Без всякого предупреждения темнота вдруг шевельнулась. Совсем незаметно, Маан различил только тонкий молочный след, перечертивший ее подобно нитке. Но чувство опасности, сидящее в нем, ужалило прямо в какой-то нервный центр, заставив его отдернуть в сторону голову. Это было бессмысленно, но это было чутье Гнильца, приказы которого тело выполняло не колеблясь. И только услышав за спиной скрип металла, Маан понял, что это вовсе не было случайной прихотью. Он скосил правый глаз и увидел, как медленно рассыпается стальной стеллаж, рассеченный на несколько частей, заметил зеркальную гладь срезов. С жалобным звоном посыпались баллоны.

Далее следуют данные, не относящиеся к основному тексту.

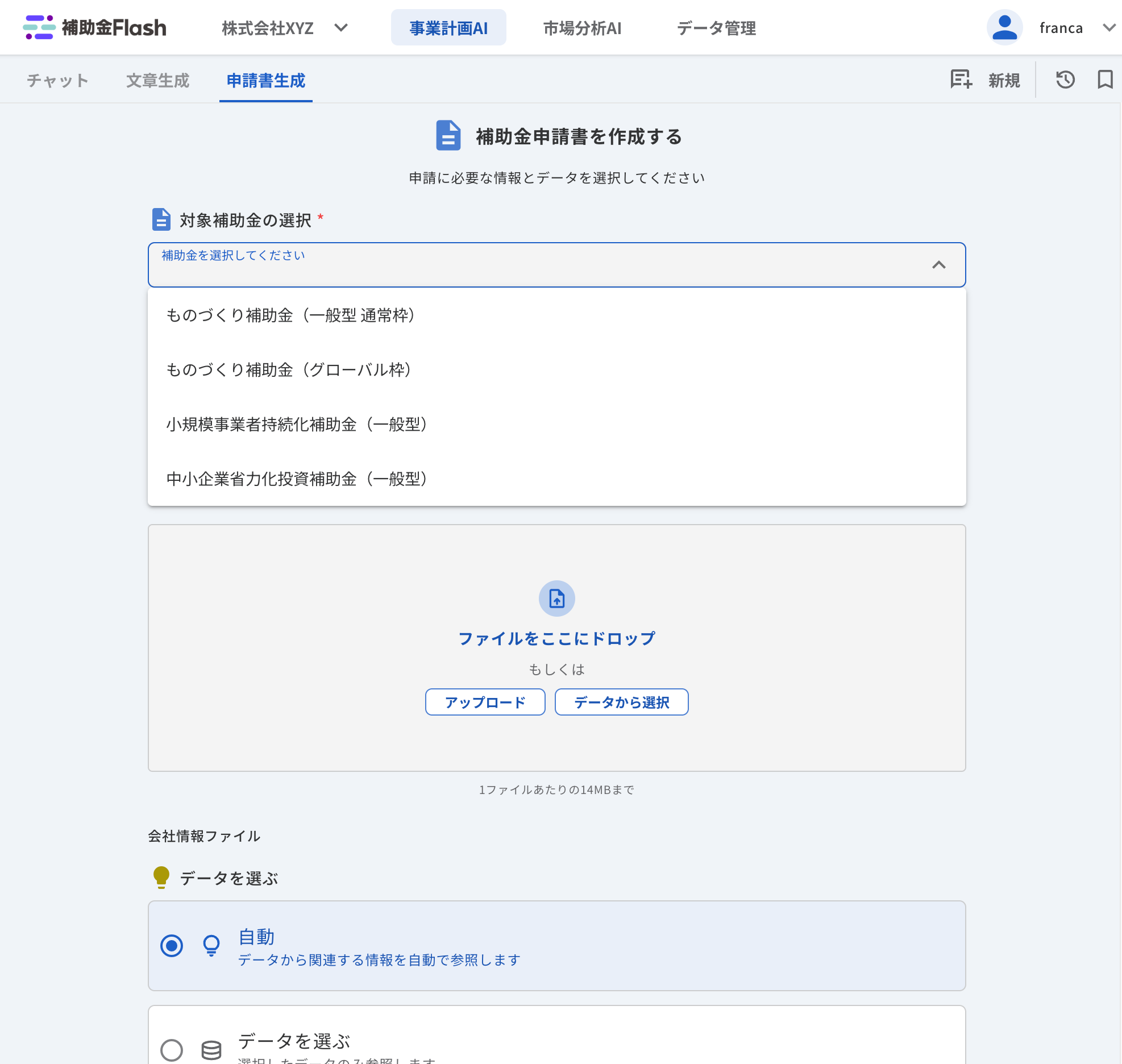 株式会社Franca AI(本社:東京都中央区、代表取締役:井上舜平)は、補助金申請SaaS「補助金Flash」において、

Быстро. Чертовски быстро. Он не успел даже заметить удара.
— Эй, — торопливо сказал Маан, начиная осторожно двигаться по спирали, обходя нагромождение старых ящиков и строительного мусора, — Не надо. Если мы сцепимся, погибнем оба. Слышишь? Не будь дураком.
Гнилец не был дураком. Дураком может быть лишь человек, а он давно таковым не являлся. Маан почувствовал это с самого начала, ощутив яркий пульсирующий слепок его ауры. Концентрированная ненависть. Животная самоуверенность. Нетерпение. Жажда. Такие не рассуждают и не вдаются в разговоры. Этот Гнилец был совершенным хищником от начала и до конца, в нем не было ущербного человеческого зерна, мешавшего принимать правильные и быстрые решения. И Маан впервые по-настоящему ощутил, что этот бой он не выиграет.

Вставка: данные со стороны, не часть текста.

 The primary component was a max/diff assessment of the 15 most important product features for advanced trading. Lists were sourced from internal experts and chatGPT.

— Ну и черт с тобой, — сказал он в темноту, — Плевать. Выходи, мразь. Выходи, и давай начинать. Если ты не собираешься прятаться по углам, как вонючая крыса.
Гнилец давно утратил способность понимать человеческую речь. Но, возможно, отдельные слова застарелыми занозами сидели в его памяти. И слово «крыса» относилось к их числу. А может, ему хватило интонации, с которой это было произнесено.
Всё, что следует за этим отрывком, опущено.